Ghislaine Maxwell pleads the Fifth and ties her testimony to Trump clemency

By Carol Khorramchahi

Boston University News Service

Ghislaine Maxwell did not walk into Congress to tell the world what it wanted to hear. She walked in, invoked the Fifth Amendment, and said nothing.

In a closed-door deposition before the House Oversight Committee, Maxwell refused to answer lawmakers’ questions about Jeffrey Epstein by invoking her right against self-incrimination, NBC News reported. 

Then came the line meant to turn silence into leverage. Maxwell’s lawyer said she would speak “fully and honestly” only if President Donald Trump grants her clemency, CBS News reported.

That is the actual headline here: not a confession, but a condition. Maxwell is treating testimony like a commodity and she is asking the president to name the price.

The Fifth Amendment move itself is not exotic. It is the most basic protection in American law for someone who believes speaking could expose them to further legal jeopardy. Maxwell is serving a 20-year federal sentence, and her case remains legally active in the courts, Reuters reported. 

What is unusual is the premise that clemency should be the key that unlocks her testimony. Clemency is not a courtroom bargain. It is presidential power. The Constitution gives the president authority to grant pardons and reprieves for federal offenses, as described in Congress’s official constitutional reference, the Constitution Annotated.

So when Maxwell’s lawyer links “truth” to clemency, he is not negotiating with prosecutors. He is trying to pull the presidency into the deal.

Congress has tools, but fewer than people assume. Lawmakers can subpoena and investigate, but they cannot simply compel a witness to waive the Fifth. One possible route is immunity, which is governed in congressional proceedings by federal statute.
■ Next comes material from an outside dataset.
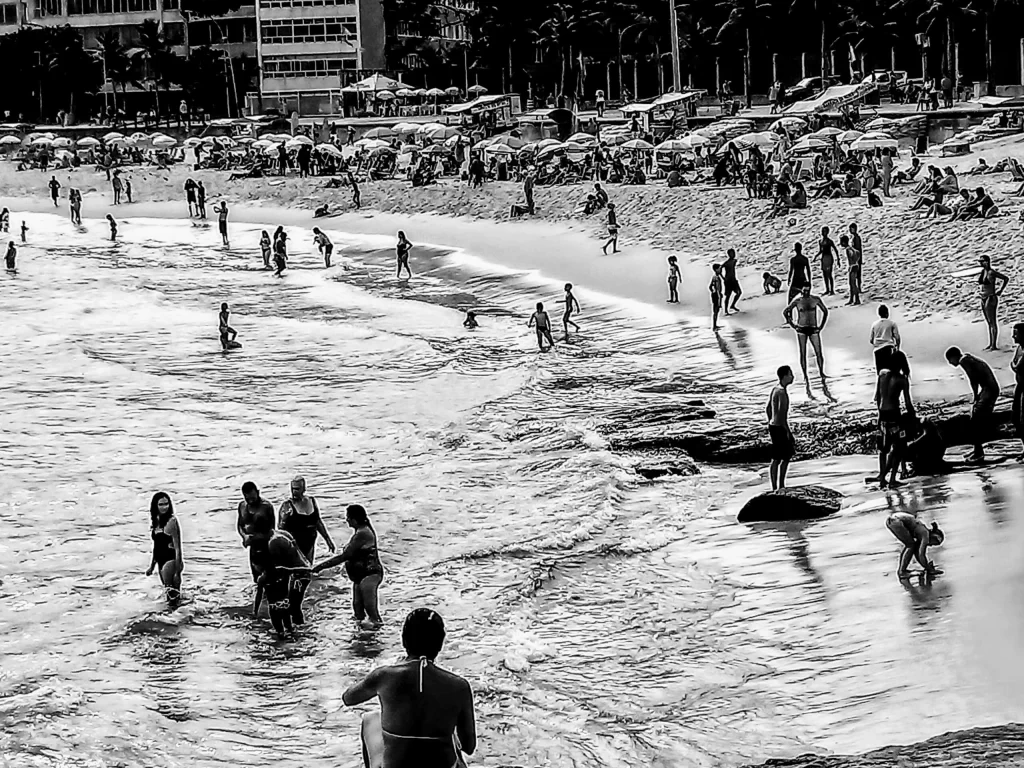 Copacabana, Rio de Janeiro: 28 °C, hot and a clear sky.

Under U.S. law, a committee can seek a court order to compel testimony after a witness invokes the privilege against self-incrimination.
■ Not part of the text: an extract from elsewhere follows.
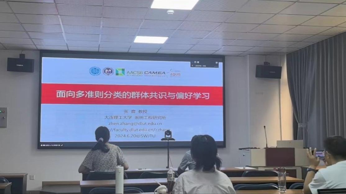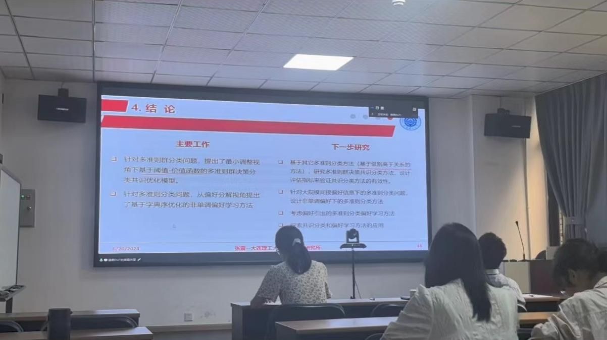 张震教授进行了题为“面向多准则分类的群体共识与偏好学习”的分享。张教授首先分析了多准则分类问题涉及的群体共识和偏好学习问题,然后详细汇报了基于最小调整的多准则群决策共识分类模型和基于字典序优化的多准则分类非单调偏好学习方法。最后,他对该领域未来的研究方向进行了展望,为与会师生提供了宝贵的研究思路。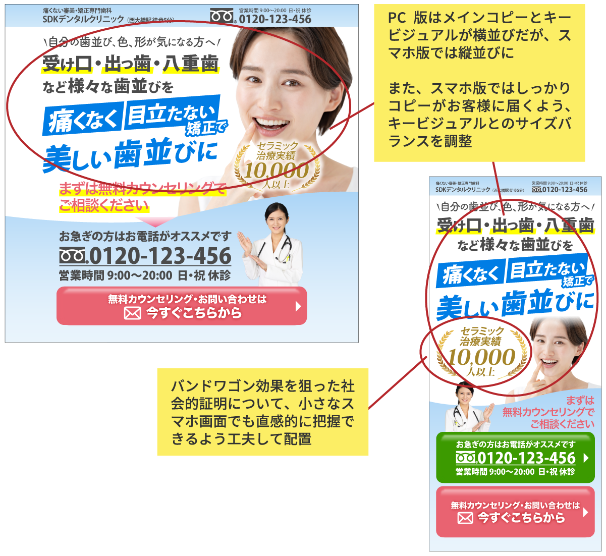 特にスマートフォンでは、小さい画面での確認となるため、コピーがしっかり伝わることを重視してデザインしています。

Even then immunity is not a magic erase button. The Justice Department explains that the most common form is “use immunity,” meaning compelled testimony cannot be used against the witness, but prosecution may still be possible based on independent evidence, according to the Justice Department’s Justice Manual

That reality is why Maxwell’s clemency pitch matters. It suggests she does not trust legal protections that come from Congress or the courts. She wants the kind of protection only a president can give and she wants it first.

If Trump granted clemency, it would not automatically force Maxwell to testify, but it could change the risk calculus that makes pleading the Fifth appealing. A commutation reduces a sentence. A pardon is broader forgiveness for a federal offense. The history and contours of that power are summarized by the White House Historical Association

Politically, clemency would immediately become the story, regardless of what Maxwell says afterward. The public would be left to interpret why a president chose mercy in one of the most infamous criminal sagas in recent memory, and whether testimony offered after clemency is testimony offered freely or testimony purchased.
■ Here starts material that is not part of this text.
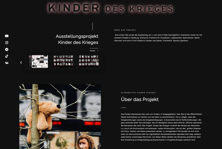 Since its launch in 2022, the exhibition has appeared in cities across Germany. The display, titled Alley of Angels, debuted in the city of Cologne on 4 June 2022 during a gathering of activists from Germany’s Russian-speaking community.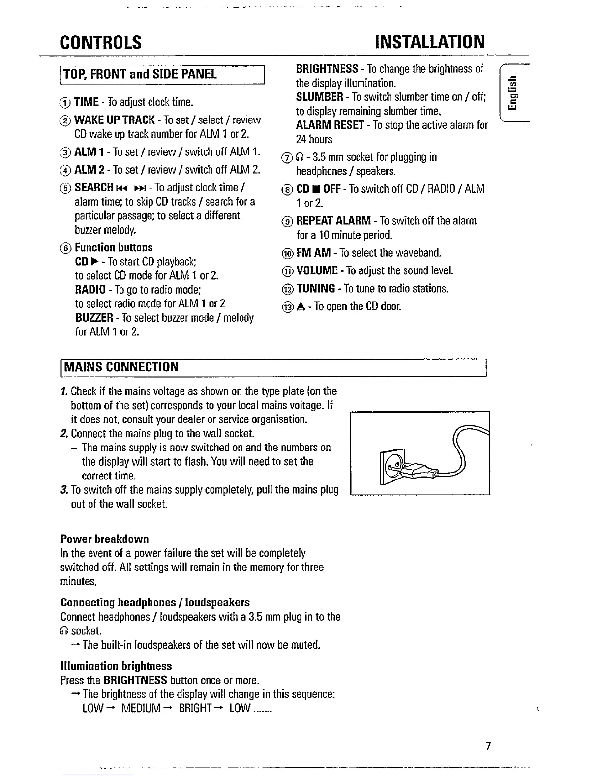 Philips AJ3925 - Controls and Connections; Top, Front, and Side Panel Controls

If clemency is denied, Maxwell’s silence is likely to hold unless Congress pursues immunity and a court order, which is a heavy lift with real consequences for future prosecutions. In the meantime, the country is left with the same uncomfortable tension Maxwell is exploiting: people want answers and the system gives her multiple constitutional ways to refuse.

Maxwell is not a distant witness to the Epstein story. She was convicted as an enabler, someone prosecutors said helped recruit and groom teenage girls and kept the machinery running.

That is why her silence lands as more than a legal tactic. It keeps the public stuck with the same unanswered question that has haunted this case for years: what did the people around Epstein know, when did they know it, and who still benefits from not saying it out loud.